You can see I’ve added 11 characters to the index (the location of the term “/Keywords”. This is to clean up a preceding space and parenthesis that the keywords are contained in.
Next is to locate the end of the Keyworks section. In my file, this is denoted by the term “/Title” for the title metadata

int(indexof(string(body('Get_file_content_using_path')),'/Title'))
Next is to get the length of the keywords, so we can extract them in following steps using the substring command

sub(sub(outputs('Get_IndexOf_Title_'),2),outputs('Get_IndexOf_Keywords'))
you’ll note that I am subtracting 2 from the index location of the term “/Title”, this is to remove a close parenthesis and space that are contained at the end of the keywords
Now you want to extract the keywords and split them into an array (be sure to initiate the variable before setting it)

split(substring(string(body('Get_file_content_using_path')),outputs('Get_IndexOf_Keywords'),outputs('Get_KeywordLength')),';')

To access the keywords you can reference them using variables(‘Keywords’)[0] where [0] is the location in the array for the variable that you want to reference.

View solution in original post

v-alzhan-msft · ‎05-13-2020

Hi @Gunsmoke125 ,

Sorry for I don't find any function to extract PDF metadata directly in Microsoft currently.

Where is the PDF file save in?

Could you please take a try to save the pdf in sharepoint library, and then use the "Get file metadata" of sharepoint connector to see if the Keywords that you mentioned could be accessed.

Best Regards,

Alice

Community Support Team _ Alice Zhang
If this post helps, then please consider Accept it as the solution to help the other members find it more quickly.

Jay-Encodian · ‎05-13-2020

Hey @Gunsmoke125

Encodian provide an action but I don't think it will cover the keywords: https://support.encodian.com/hc/en-gb/articles/360002949358-Get-PDF-Document-Information

Could you ping a sample document to support@encodian.com the team will review and feedback?

HTH

Jay

Gunsmoke125 · ‎05-14-2020

For those of you looking for a way to extract keywords from PDF meta data, here’s a solution in place of something more elegant.

PDF files (at least the newer version) have the keywords amongst other metadata stored in plain text within the file. If you open a PDF in a text editor such as notepad, you’ll be able to find both an embedded XML section (close to the end of the file) and a proprietary section that has the various metadata attributes.

To extract the keywords (or any other Metadata you might be after) I was able to put the following solution together. It works well.

I’m working from a directory on a file server, but this will work from Sharepoint as well.

You want to get the content of your file
Next you want to get the location within the file where the Keywords reside

add(int(indexof(string(body('Get_file_content_using_path')),'/Keywords')),11)

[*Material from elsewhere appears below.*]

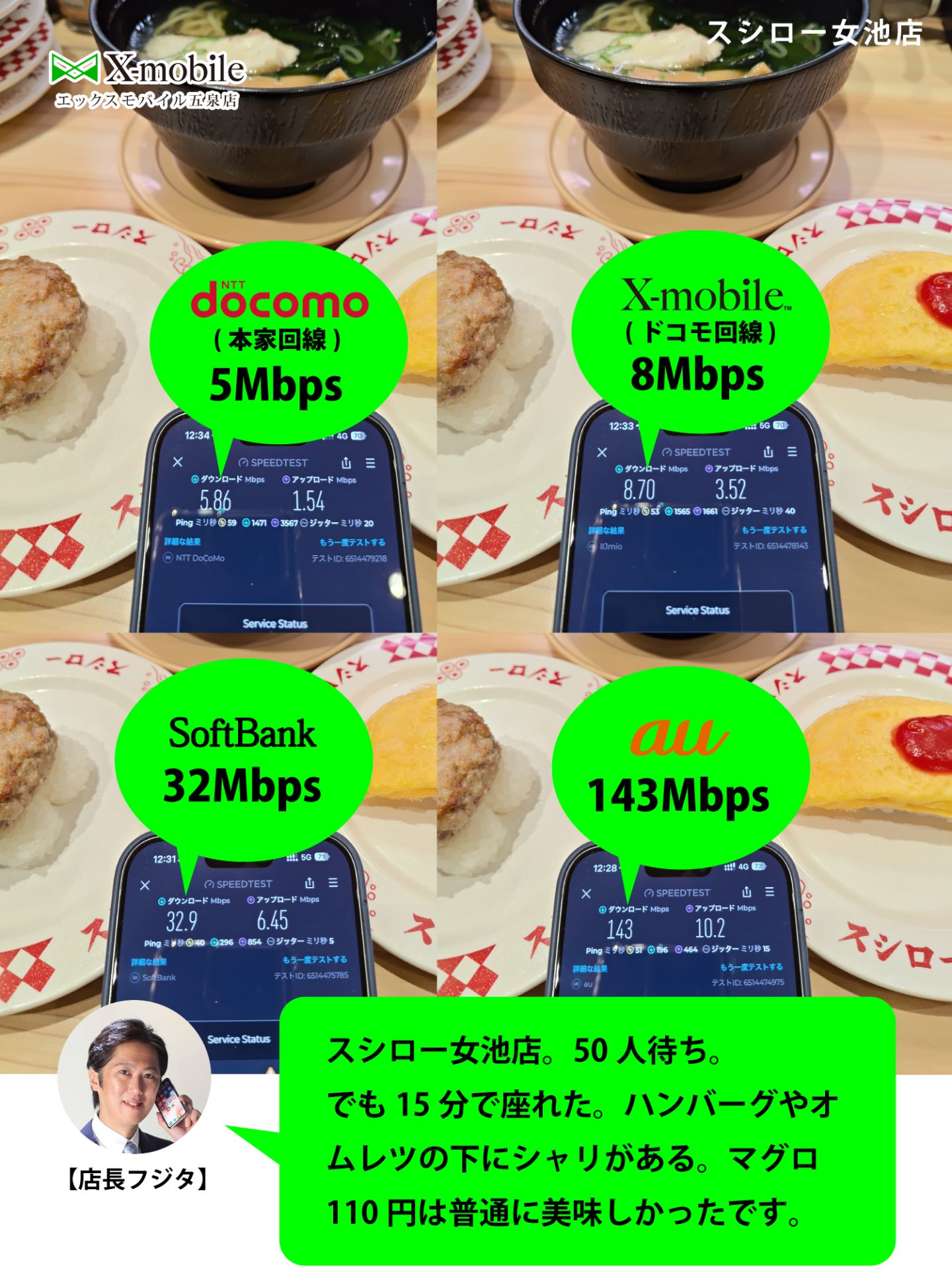 【日曜昼のスシロー】 2025/3/17 Xモバイル五泉店, お知らせ, エックスモバイルについて, ホリエモバイル, モバイル環境 中央区女池にあるスシロー。 50人まちでも15分で呼ばれる高回転。 春休みで東京から帰ってきた息子とスシロー初めて行きました(笑) プライドポテトにめんつゆ付けて食べてる隣の人見て、上級者だな~~と関心してました(^_^;) あえて非寿司部門の写メ。 ネット速度はauが元気がある。 ドコモ回線は混み合ってますね~ 動画が見れないレベルではないですが(^_^;)

You can see I’ve added 11 characters to the index (the location of the term “/Keywords”. This is to clean up a preceding space and parenthesis that the keywords are contained in.
Next is to locate the end of the Keyworks section. In my file, this is denoted by the term “/Title” for the title metadata

int(indexof(string(body('Get_file_content_using_path')),'/Title'))
Next is to get the length of the keywords, so we can extract them in following steps using the substring command

sub(sub(outputs('Get_IndexOf_Title_'),2),outputs('Get_IndexOf_Keywords'))
you’ll note that I am subtracting 2 from the index location of the term “/Title”, this is to remove a close parenthesis and space that are contained at the end of the keywords
Now you want to extract the keywords and split them into an array (be sure to initiate the variable before setting it)

split(substring(string(body('Get_file_content_using_path')),outputs('Get_IndexOf_Keywords'),outputs('Get_KeywordLength')),';')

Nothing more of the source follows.